Film görüntülerinden, duygusuna, müziğinden dokunaklı sahnelerine kadar trajedinin içinde umut yaratmaya odaklı naif bir algıyla başlayıp son buluyor, kayıp bir hayata ve ona saygıyla yaklaşan bir aileye tüm kayıpların nezdinde üzüntüsünü sunuyor. Jenerikte akan gerçek Paiva ailesinin görüntüleri asla yılmayan, asla vazgeçmeyen bir ailenin görüntüleri. Onlar gibi yüzlercesi var. Hayat bazen kaybedilen bir yakınının ölüm belgesinin peşine düşecek kadar zorlayıcı ve acımasız oluyor. Eunice kocasının dikta rejimi tarafından öldürüldüğüne ilişkin yazılı belgeyi eline alınca mutlu oluyor.

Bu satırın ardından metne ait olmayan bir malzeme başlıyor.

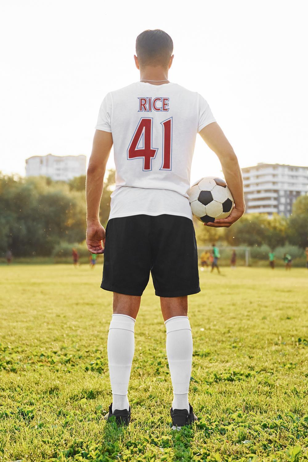 100% Polyester super mjuk fotbollströja stil . Full färg tryck fram & bak.| Model | XXL, Medium, Large, 158cl 12-13 år, XL, 120 cl 5-6 år, 130 cl 7-8år, 140cl 9-11 år, Small |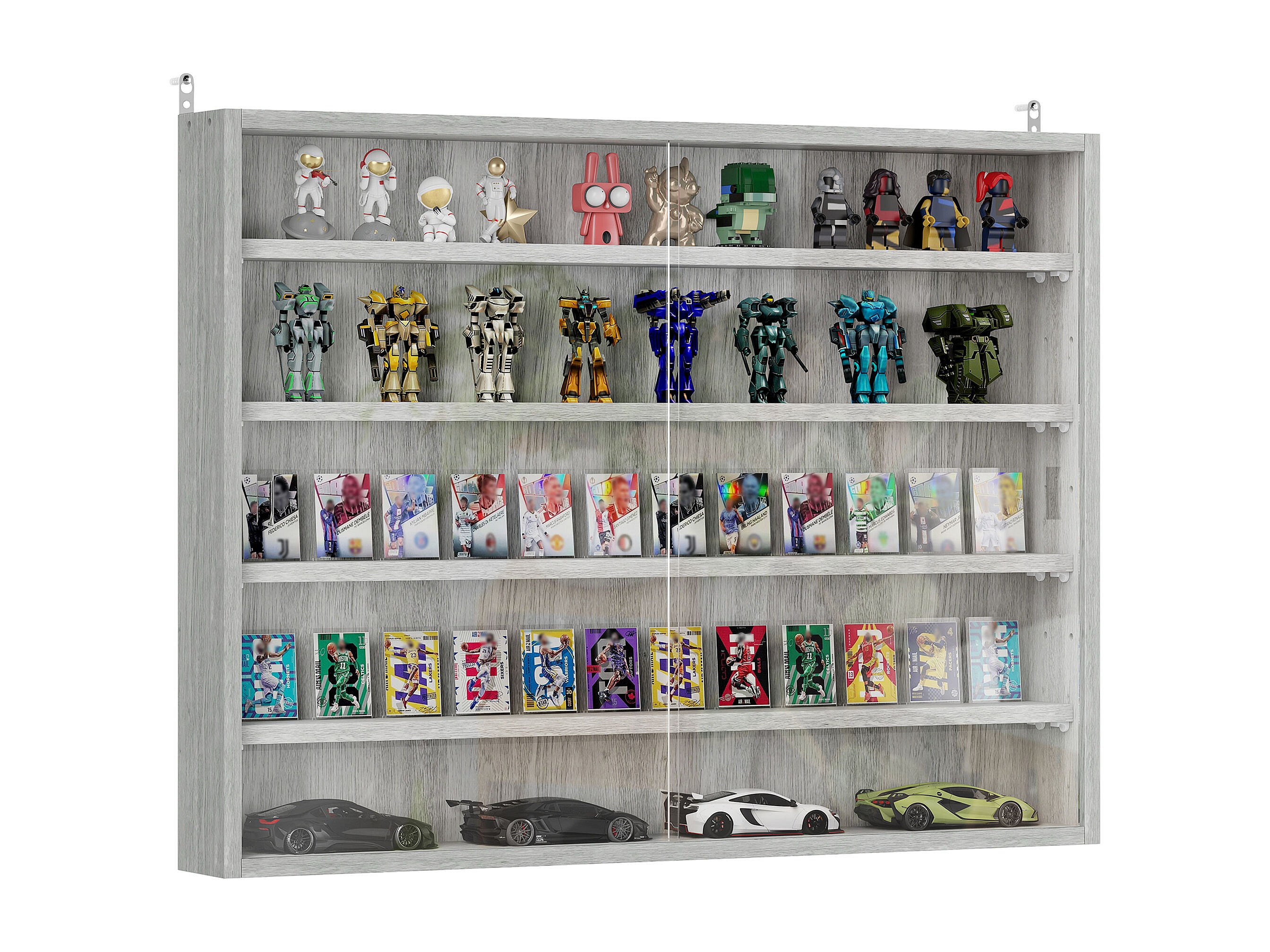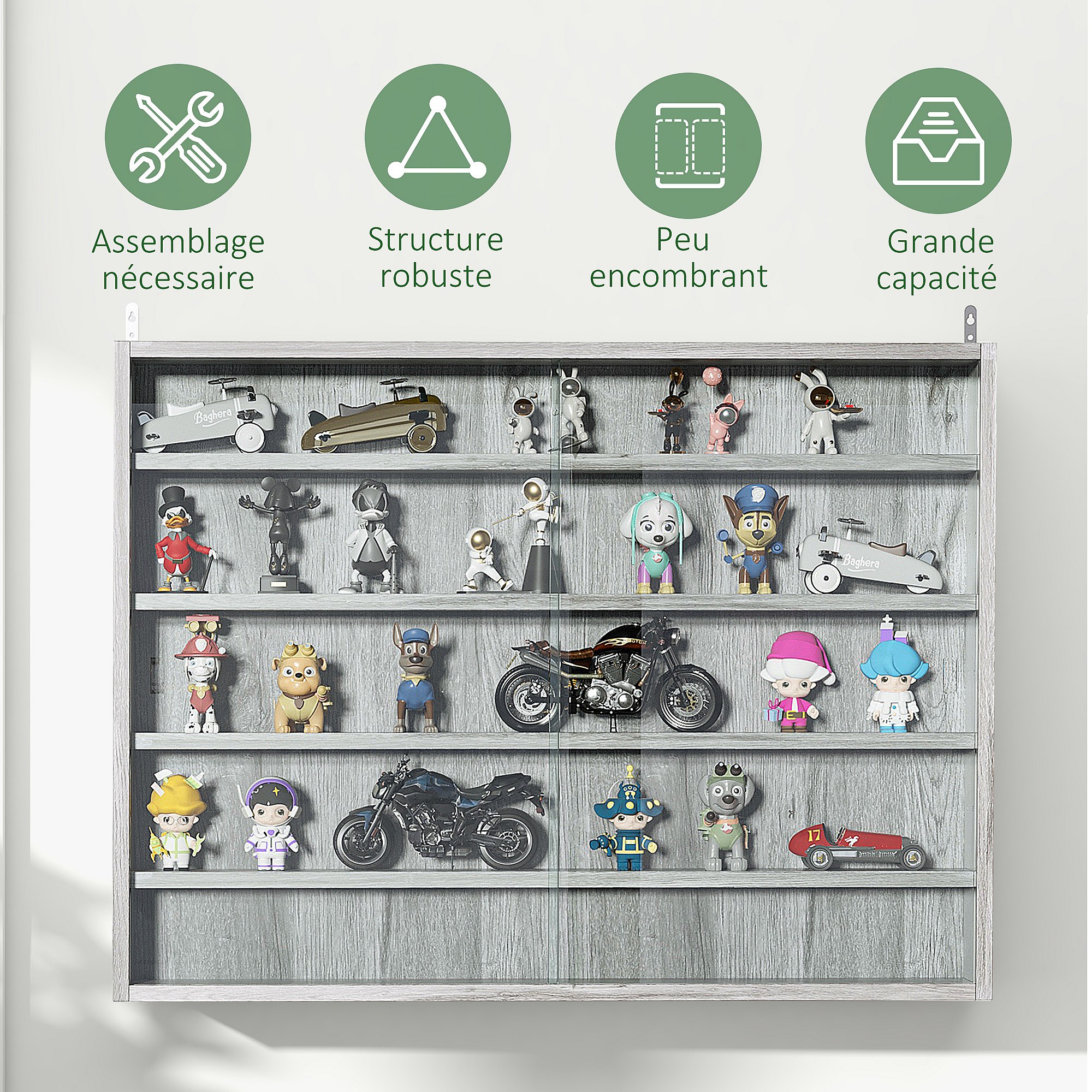 Vitrine murale étagère - 5 étagères réglables - 2 portes coulissantes verre - panneaux gris

Belirsizlik bitiyor, içinde yıllardır devam eden dalgalanma duruyor, hüzünlü bir rahatlama duygusu yerini alıyor. Ne yazık ki! Film bize bunu omzumuzu tutan bir el samimiyetiyle hissettirdiği için biz de o duyguyu hissediyoruz. Salles’e gözaltında kaybedilen bir insanın hayatını sinemaya aktardığı için şükran duyuyoruz!